The Chief Clinical Officer informed the committee that the Primary Care Network came together under the General Practices to work out skills. There were larger networks across the County than Derwentside which worked well but individuals had responsibility for smaller areas. 

 

The Director of Integrated Community Services stated that in appendix four of the report that showed the summary of delayed transfers of care there was an error with the figure.  She noted that it should read that “Between April – October 2019 County Durham, compared to all single tier and county councils was ranked 6 out of 151, on the overall rate of delayed days per 100,000 adults population across England” instead of 6 out of 15.

 

Councillor Quinn was concerned that the integration of systems was talked about 20 years ago and wanted to know if this was ever going to happen.

 

The Chief Clinical Officer agreed that integration had been implemented 20 years ago with GP services losing District Nurses and Health Visitors.  He noted that integration was the way forward with professionals providing positive feedback with services coming together once more.

 

The Director of Integrated Community Services informed the committee that the integration of the Mental Health and Learning Disability services in 1998 had been successful and still remained in place to date.
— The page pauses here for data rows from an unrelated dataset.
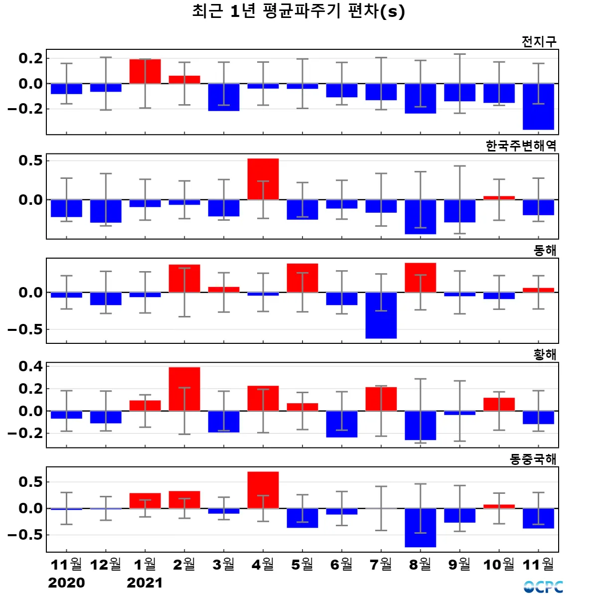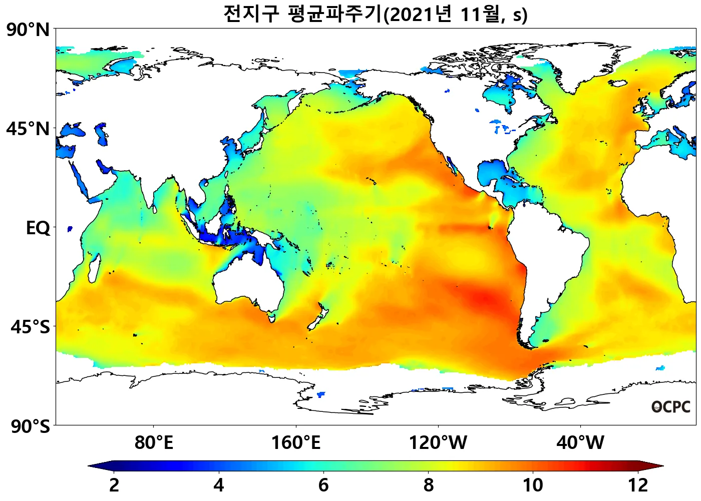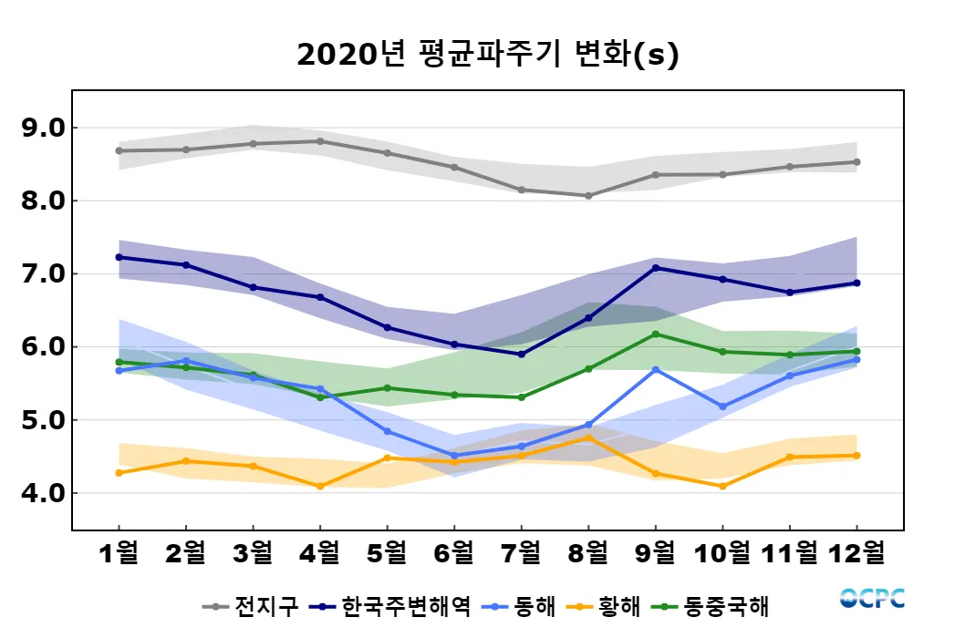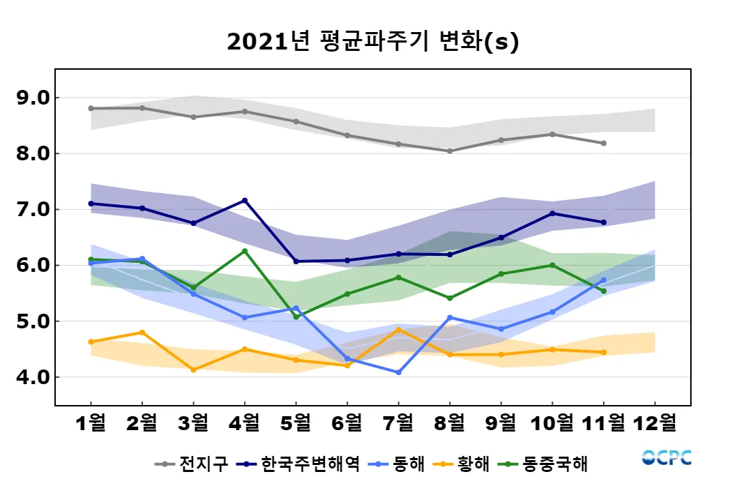 전지구, 동중국해의 평균파주기는 평년보다 낮았으며, 한국주변해역, 동해, 황해는 평년과 비슷했습니다.
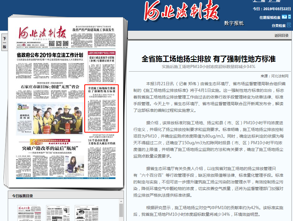 、省市场监督管理局联合召开新闻发布会,解读了这部标准的编制过程和实施意义。 据介绍,该排放标准对施工场地、扬尘和县(市、区)PM10小时平均浓度进行定义,并细化了扬尘排放控制要求和监测要求。标准明确,施工场地扬尘排放控制项目为PM10,并确定监测点浓度限值为80ug/m3。同时,确定达标判定的依据为每天不得超过二次,还确定了150ug/m3为扣除同时段县(市、区)PM10小时平均浓度值的上限值,并明确了施工场地扬尘监测的方法和有关要求,确定了施工场地扬尘监测点数量设置要求。 据杏彩(中国)官方网站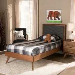 Coordinate your bedroom with the sleek symmetry of the Roze bed. Made in Malaysia, this bed is constructed from sturdy wood in a walnut brown finish that adds natural warmth to any space. Its chevron tufted headboard establishes an alluring, geometric backdrop, while plush foam padding provides pleasant comfort for you to lean against when sitting up in bed. Requiring assembly, the Roze utilizes wood slats for mattress support, which eliminate the need for a box spring. A simple yet striking addition, the Roze bed is an outstanding addition to any bedroom…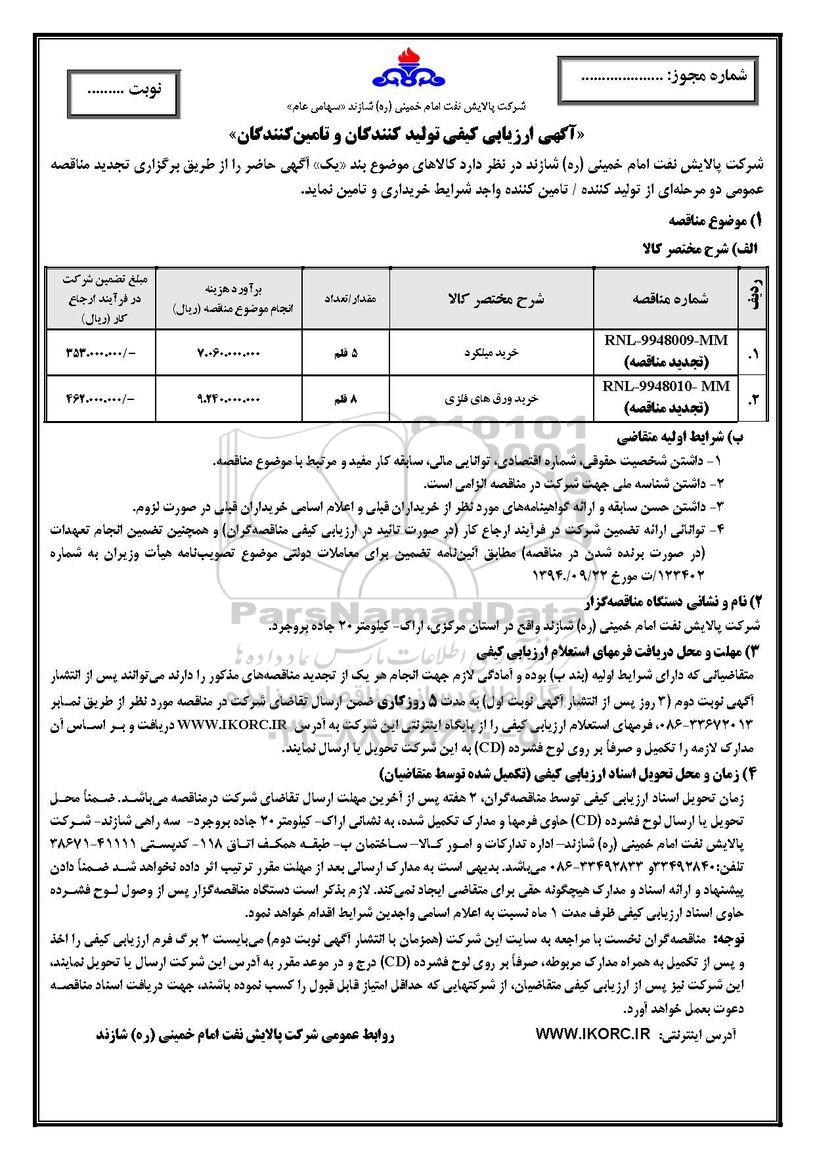 شرکت پالایش نفت امام خمینی (ره) شازند در نظر دارد کالاهای موضوع بند یک آگهی حاضر را از طریق برگزاری تجدید مناقصه عمومی دو مرحله ای از تولیدکننده / تامین کننده واجد شرایط خریداری و تامین نماید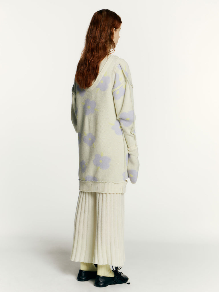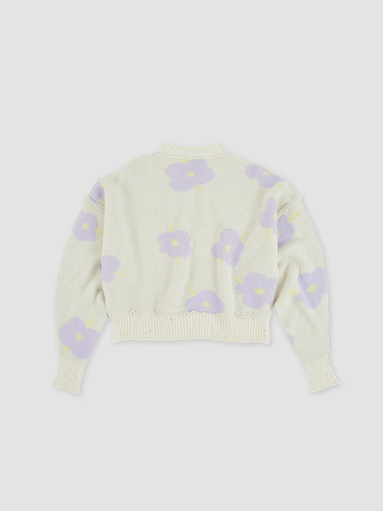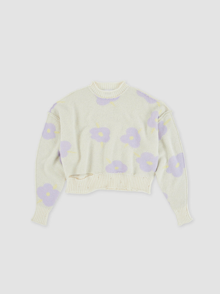 Floral jacquard sweater Regular priceFuzzy sweater crafted in a textured floral motif jacquard knitted from a baby alpaca blend. Relaxed slightly cropped silhouette featuring distressed details, exposed seams and rounded ample sleeves.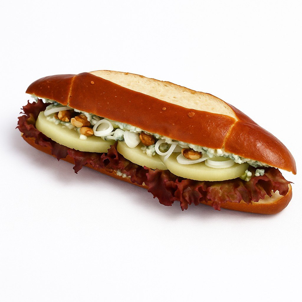 Složení: pomazánka ze sýra s modrou plísní, brusinková zavařenina, louhovaný rohlík, salát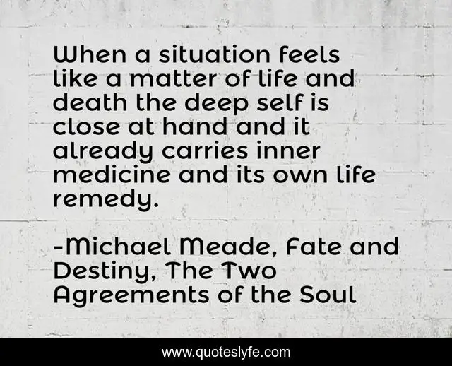 This page presents the quote "When a situation feels like a matter of life and death the deep self is close at hand and it already carries inner medicine and its own life remedy.". Author of this quote is Michael Meade, Fate and Destiny, The Two Agreements of the Soul. This quote is about deep-self, inner-strength, medicine, life-and-death,.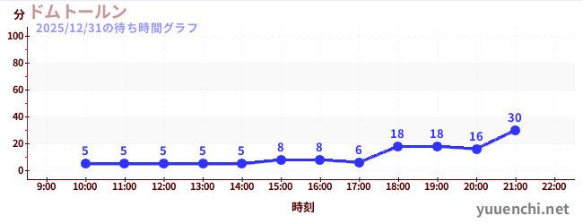 2025/12/31の待ち時間グラフ (ドムトールン)
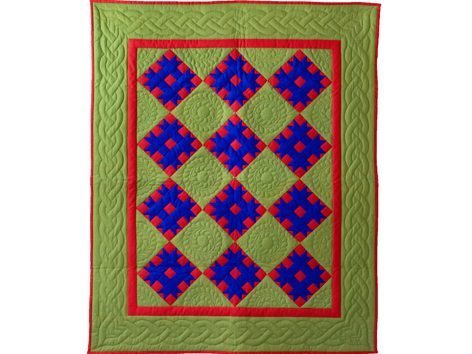 Indiana Amish Green, Blue and Red Susan's Quilt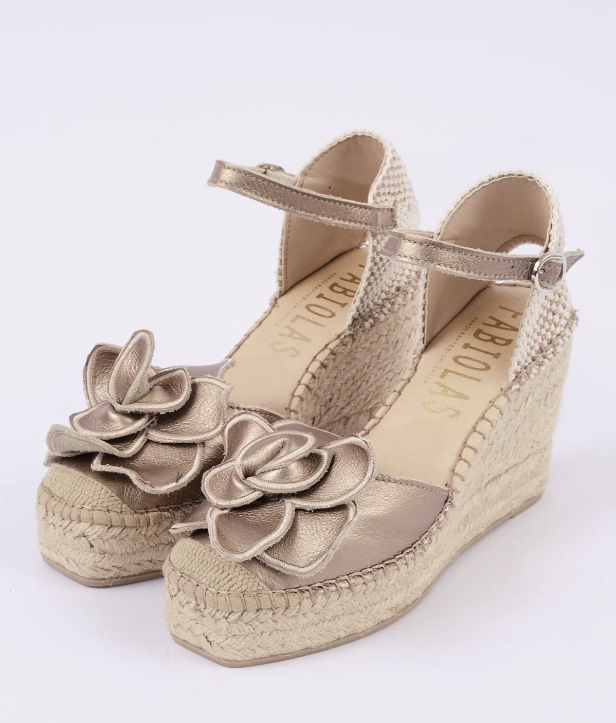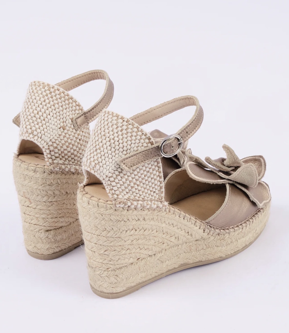 Alpargata cerrada de cuña alta con puntera cuadrada elaborada en laminado bronce.
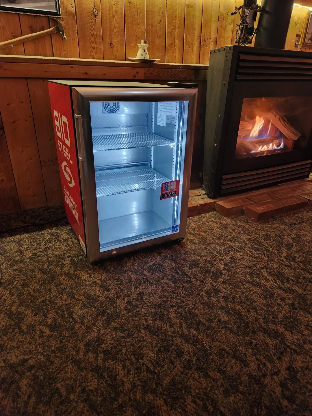 This is a Bio Steel mini fridge. It's a compact cooler with three shelves. Includes interior lighting and a glass door.

She thought there were no reasons why this could not be done again with primary care services.

 

The Chief Clinical Officer commented that Tees Esk and Wear Valleys NHS Trust had focussed on integration wrapping Mental Health services around Primary Care services.  He added that it was proposed to extend this integrated model to North Durham to include Mental Health Services, and dentists along with voluntary services.

 

Councillor Robinson agreed that it worked successfully in the 1980’s with nurses being based in Community centres with doctors referring patients to them.

 

Resolved

(i) That the report and the progress made to date in respect of integrated working in County Durham be noted.